Этническое многообразие и наличие административных единиц, сформированных на основе национально-территориального принципа, на первый взгляд, ставят под сомнение саму возможность приведения культурных и политических границ в соответствие друг с другом. Действительно, «классической моделью» национальной государственности долгое время считалось государство якобинского типа – жестко централизованное и культурно однородное. Также практически все национальные государства в процессе своего становления не миновали стадии «Nacht und Nebel» («ночь и туман»), на которой происходили насильственная ассимиляция, а нередко и физическое уничтожение представителей иных культур. Обращение к этой действительно темной и непроглядной как туманная ночь стороне национализма становится основным аргументом противников национального строительства в нашей стране.
Родина-мать зовет
Другая точка зрения на национальные государства базируется на выделении политической сущности нации. Сторонники такого подхода приводят примеры так называемых гражданских наций, в которых индивиды объединены посредством норм политической культуры. При этом, как правило, основной упор делается не на права граждан, а на те обязательства, которые члены нации несут перед своей родиной. Эти представления созвучны взглядам Эрика Хобсбаума, который считает, что родина начинается со «старой отцовской буденовки», которую не просто извлекли из шкафа, но, возвели в ранг иконы. Для него на первом месте оказывается политический долг членов нации, который «выше всех прочих общественных обязанностей, а в экстремальных случаях (таких, например, как война) он должен подчинять себе любого рода обязанности»[1].
Хобсбаум исследовал механизмы возникновения чувства политического долга. Называя патриотизм светской религией, он утверждает, что его ритуалы имеют искусственную природу, хотя для их создания нередко используется и сырье донационального прошлого. Иногда за основу патриотических традиций берутся действительно значимые события, но зачастую сусальное золото наносят на совершенно уж незначительные факты. Например, стычка двух феодалов, произошедшая в каком-то далеком году и случайно попавшая в летописи, спустя столетия может быть названа «образцом героизма и сплоченности всего народа вне зависимости от происхождения, вероисповедания и положения в обществе».
На протяжении всех постсоветских лет российские элиты не прилагали особых усилий в деле воспитания патриотических чувств (спорадические приступы ура-патриотизма не в счет).

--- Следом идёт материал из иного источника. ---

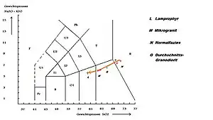 Modally the rocks of the massif plot as granodiorite in the QAPF diagram yet are in close vicinity of the granite field. Chemically they are granites; to be more precise they are adamellites. Likewise in the TAS diagram they plot as rhyolites.

Так, 12 июня, которое изначально имело все шансы стать главным национальным праздником, было и остается просто выходным днем – дополнительной возможностью съездить на дачу, заняться домашними делами или встретиться с друзьями. Никаких усилий не было предпринято и для превращения конституции в действительно основной закон державы. Конституция все годы своего существования лишь на словах являлась священной коровой, которую на деле правящие элиты без зазрения совести забивали в угоду своим интересам. Также мне, как гражданину России, доступно не объяснили, с кем надо испытывать чувство единства 4 ноября.
О чем не поется в наших песнях
Существует и третий взгляд на нацию. Его сторонники, к которым можно отнести таких ученых, как Майкл Манн и Чарльз Тилли, дают свой ответ на вопрос о том, с чего начинается родина. Нет, они не спорят с тем, что букварь и старая отцовская буденовка играют определенную роль в формировании наций. Однако ключевым для них является обмен обязанностей перед государством на гражданские права, о чем никогда не пелось ни в советских, ни в постсоветских песнях.
Несомненно, что на такую сделку государства пошли не по доброй воле, а в силу жесткой необходимости. В определенный момент старые способы ведения войны стали неэффективными, в результате чего существенно возросли потребности государств в человеческих и материальных ресурсах – пушечном мясе и деньгах для разработки и производства нового оружия. Однако увеличение налогов и всеобщую воинскую повинность невозможно было оправдать лишь сказками о «священном долге» сынов отечества. В какое бы золото мифов не оправляли «победы отцов», какие бы культурные образцы не внедряла школьная система, люди отказывались проливать свою кровь и делиться нажитым добром без бенефиций, которые бы они получили взамен своих издержек. Причем население западных стран требовало от государства отдачи не в далеком светлом будущем, а здесь и сейчас, ставя ультиматум: «Нет налогообложению без политического представительства!».
Население России никогда не предъявляло таких требований государству. Одной из причин народной нерешительности являются российские традиции крепостничества, о которых весьма убедительно говорит, например, Александр Аузан. Пагубной практикой как имперской, так и советской власти являлось закабаление населения с целью выкачивания необходимых для государства ресурсов. Данная традиция проявляется и сейчас в устойчивом нежелании российских элит переходить на полностью контрактную армию. Несомненно, крепостничество отвергает саму возможность обмена обязанностей на права.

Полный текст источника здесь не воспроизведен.